At Xailient, our expert technology is created to make embedded Edge CV cost-effective, accurate, and real-time.
Orchestrait, our AI lifecycle management tool, is designed to make using Xailient technology (in production and at scale) more insightful and easier.
Orchestrait is a computer vision AI management platform for product companies in the smart home industry. The platform efficiently takes care of AI management problems, such as the 4 types of drift discussed above, so product developers don’t have to.
The Orchestrait platform is part of Xailient’s vision to transform its algorithmic efficiency into a process that empowers companies to bring AI products and features to market faster, easier, and with less risk and resource investment. This process is a category of its own called CVOps.
By taking care of AI management issues, Orchestrait allows product developers to better manage and monitor information about the Edge Face Recognition models running onboard all their deployed cameras in real-time. This allows the 4 different types of drift to be detected and remedied quickly and efficiently.
Xailient’s Orchestrait can manage model drift
Product development teams often say their biggest challenge isn’t building a model.
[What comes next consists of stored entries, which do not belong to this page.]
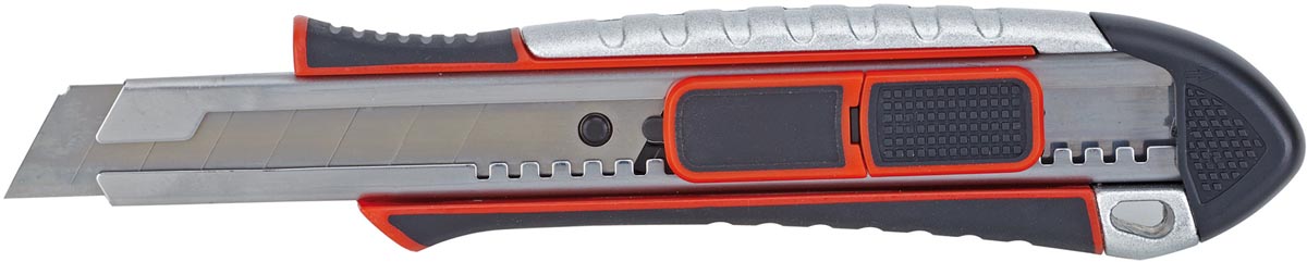 * Fonction de sécurité: élément coulissant avant avec rétraction automatique de la lame. * Certification TUV GS. * Stable: boîtier en zinc moulé sous pression avec finition en plastique ABS incassable. * Avance de lame avec grille automatique, en plus 2 cm en continu. * Tirette de sécurité, en acier au carbone particulièrement dur. * Changements de lame simples et sans outil. * Pratique: avec avance lame, guide lame métal avec grille automatique, en 17 étapes. * Zone de préhension caoutchoutée avec frein antidérapant dans les couleurs de signalisation. * Egalement à accrocher. * Application universelle : dans l'entrepôt, dans l'atelier, au bureau ou pour l'artisanat.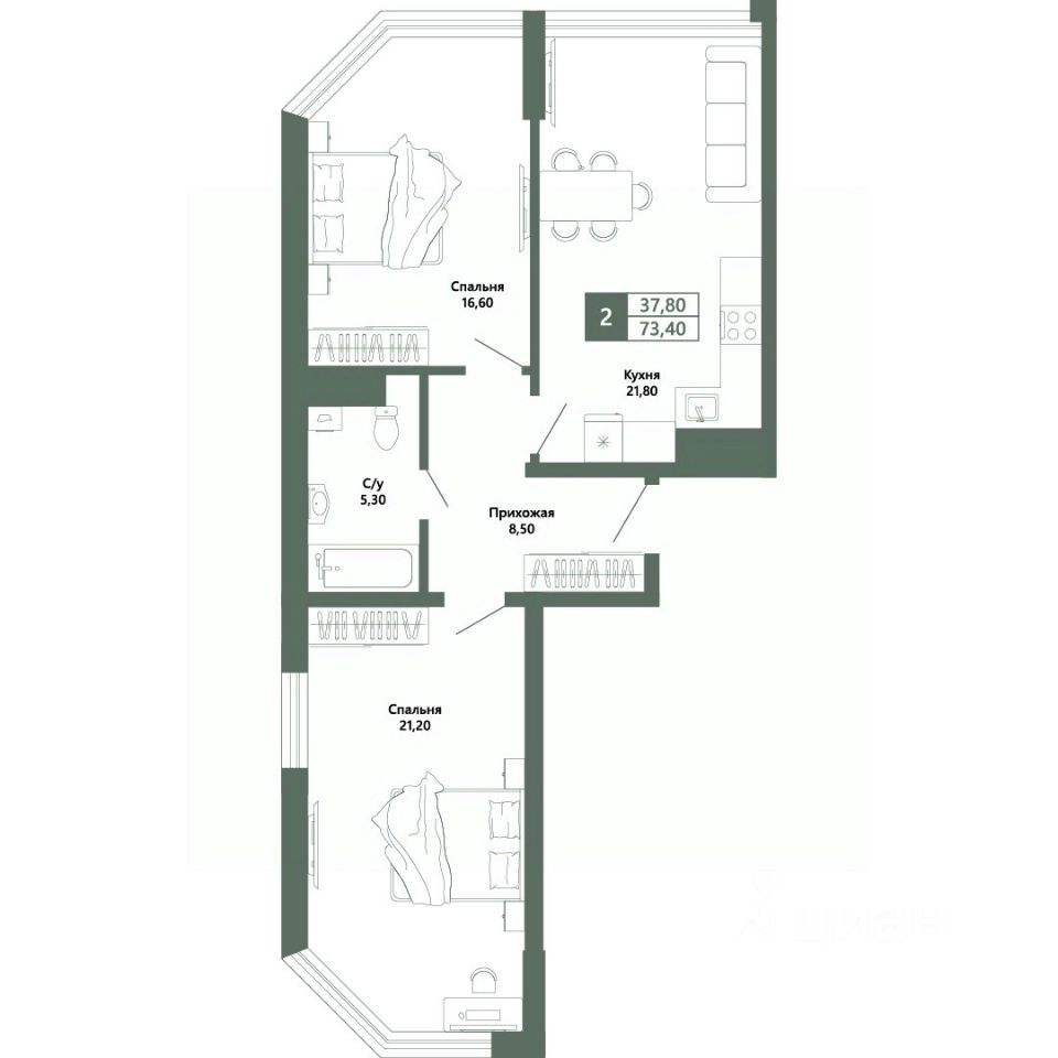 Общая площадь73,4 м²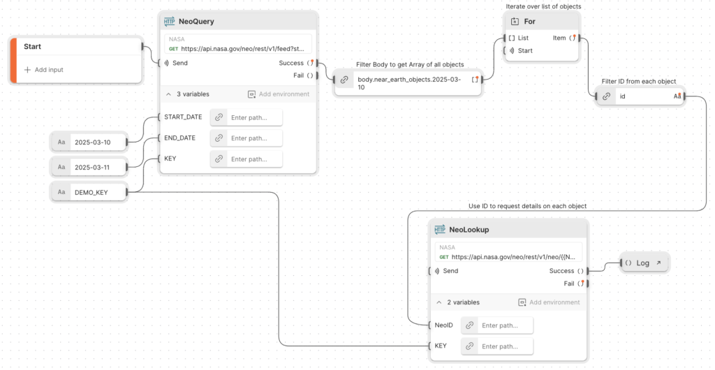 The flow connects to the Near-Earth Object API.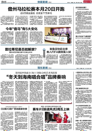 海南日报 体育新闻 娱乐新闻 013 2015-12-091 2015年12月09日 星期三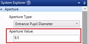現(xiàn)在請(qǐng)打開Zemax OpticStudio,設(shè)定 “系統(tǒng)選項(xiàng)(System Explorer) > 孔徑 (Aperture) > 孔徑值(Aperture Value)” 為9.5,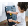 The PlanToys Wall Ball Game requires advanced concentration and strategic thinking! Use the pullies on the left and right sides of the board to move the yellow ball to the top without letting it drops. Children can create difficulty levels by creating obstacles with rubber bands or drawing in hurdles and monsters that they must avoid with chalk on the chalk-friendly surface. The center hole can be either an easy finish line or an obstacle at the advanced level. When finished playing, store the pieces in the provided wooden platform.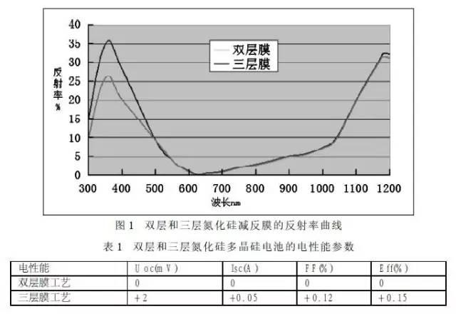將雙層和三層氮化硅膜所做的太陽電池分別進(jìn)行電性能測(cè)試,結(jié)果見表1。從表1中看出,三層膜的太陽電池的開路電壓比雙層膜的提高2mV,另外三層膜太陽電池的短路電流也比雙層膜的提高了0.05A。分析原因開路電壓的提高應(yīng)該與三層氮化硅膜的少子壽命高于雙層膜,鈍化效果較好有關(guān);而短路電流的提升主要是由于三層膜的實(shí)驗(yàn)片短波部分反射率較雙層膜的低,從而增加了光的吸收,所以短路電流略有提高。開路電壓與短路電流的提升,最終使三層氮化硅膜多晶太陽電池比傳統(tǒng)雙層膜的光電轉(zhuǎn)換效率提高了0.15%。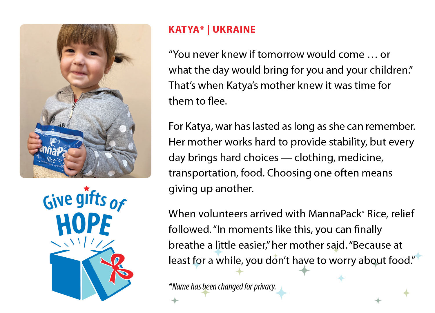 When volunteers arrived with MannaPack® Rice, relief followed. “In moments like this, you can finally breathe a little easier,” her mother said. “Because at least for a while, you don’t have to worry about food.”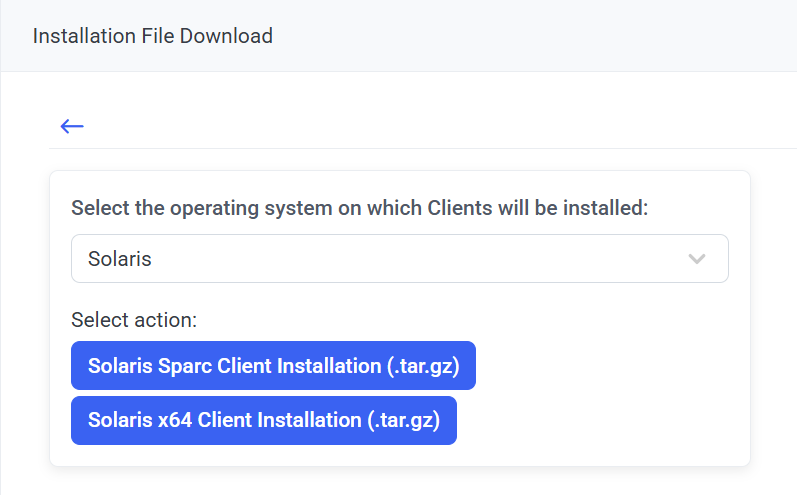 - Solaris Sparc Client Installation (.tar.gz): To generate an installation package while defining the Solaris Sparc Client configuration parameters to be used for installing it (see Point 6 below).

Instead, it’s actually checking the real-world performance of their models and managing their models in the long run.
Although these tasks are challenging, they are essential for detecting drift in AI models and keeping models up to date.
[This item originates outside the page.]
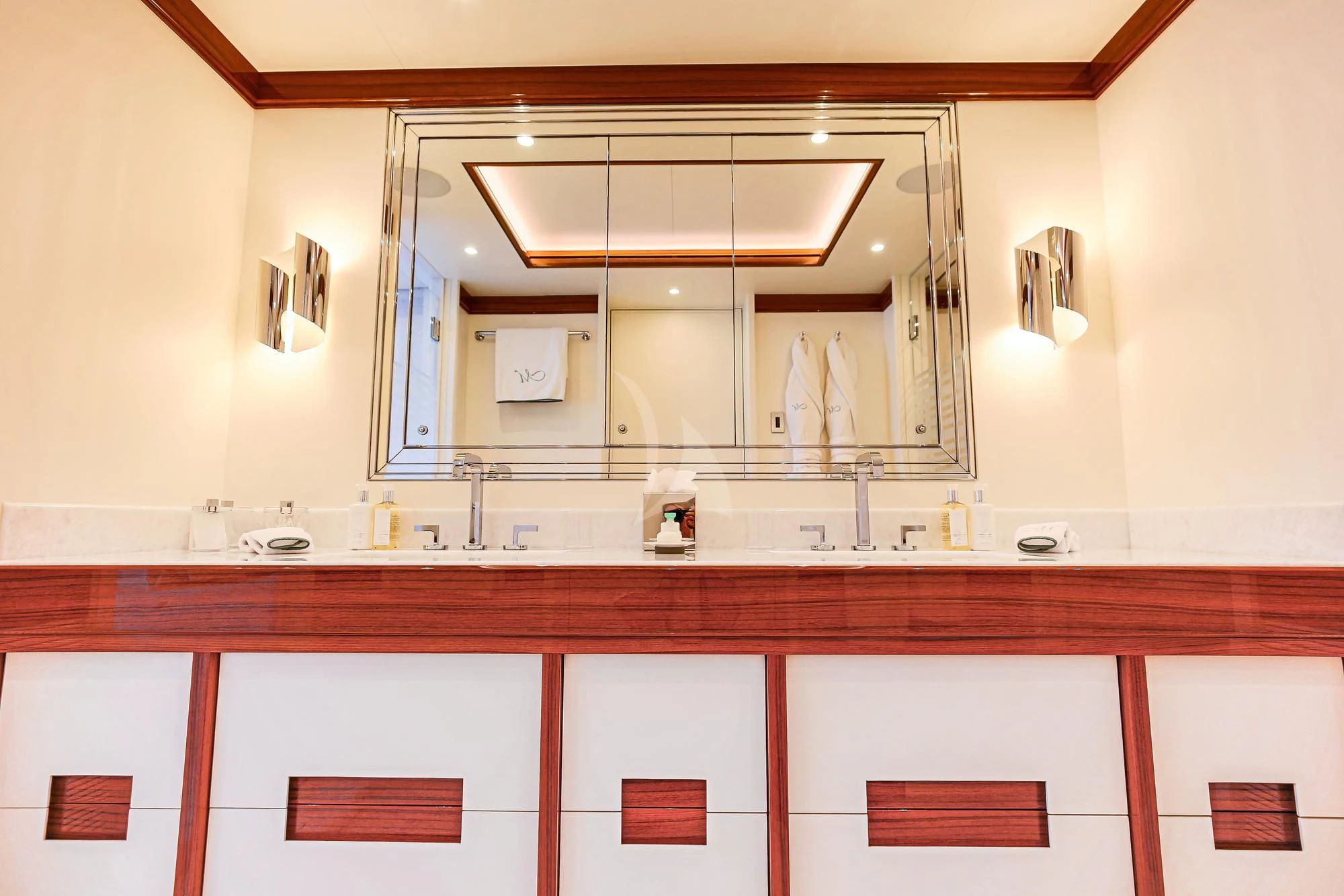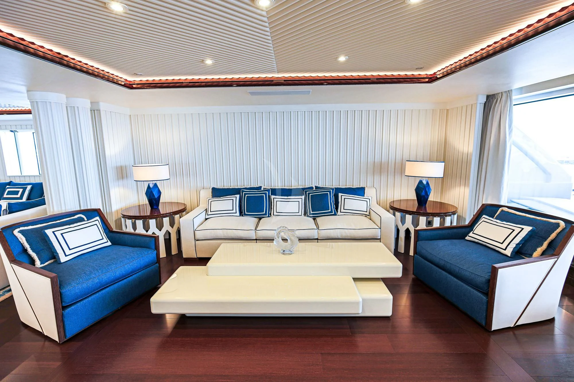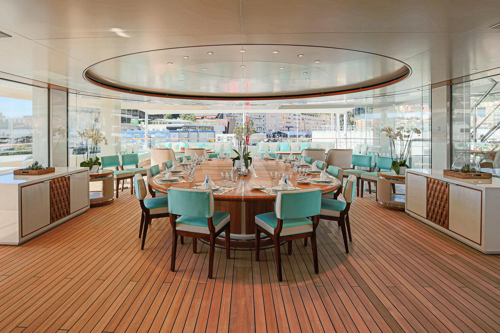 An absolute marvel in terms of exterior design, MIMTEE's broad beam stretches to an impressive 45 feet (13.5 meters), providing expansive deck areas for relaxation and entertainment. The sundeck beckons with its sun-drenched lounging spaces where guests can bask in luxury while taking in the panoramic views of the seascape. Alfresco dining areas are seamlessly integrated into her layout, offering divine gastronomic experiences under starlit skies or warm sunshine.

With the Orchestrait management platform, these cumbersome monitoring processes can be entirely automated.
More specifically, Orchestrait monitors:
- Customer feedback (sharing of accurate and inaccurate instances).
- Performance metrics (such as accuracy over time).
- Activity metrics (such as usage frequency over different periods, days, seasons, etc.).
Of course, detecting drift is only the first step to preserving an AI model. The next step is addressing the drift. For this, Orchestrait is developing over-the-air updates for AI models and the deployment of add-on features.
This allows the Edge AI on users’ Smart Video doorbell and HomeCam products to continuously adapt to changing environments. Thanks to the Orchestrait platform, products can become smarter while avoiding manual monitoring.
Additionally, Orchestrait can manage hundreds to millions of cameras and is designed to accommodate applications of all sizes, making it an excellent option for detecting and managing drift on a large scale.
Orchestrait helps ensure quick success for your AI strategy
By streamlining the AI management process, Xailient’s Orchestrait platform makes AI management consistent and repeatable.
Getting the AI management cycle down and effectively taking care of the 4 different types of drift is at the heart of successful AI deployment. Automated drift management helps reduce complexity within the AI lifecycle, allowing companies to reach success sooner.
Ultimately, the Orchestrait platform makes AI management easier, allowing you to catch model degradation early and rapidly deliver more value to your customers.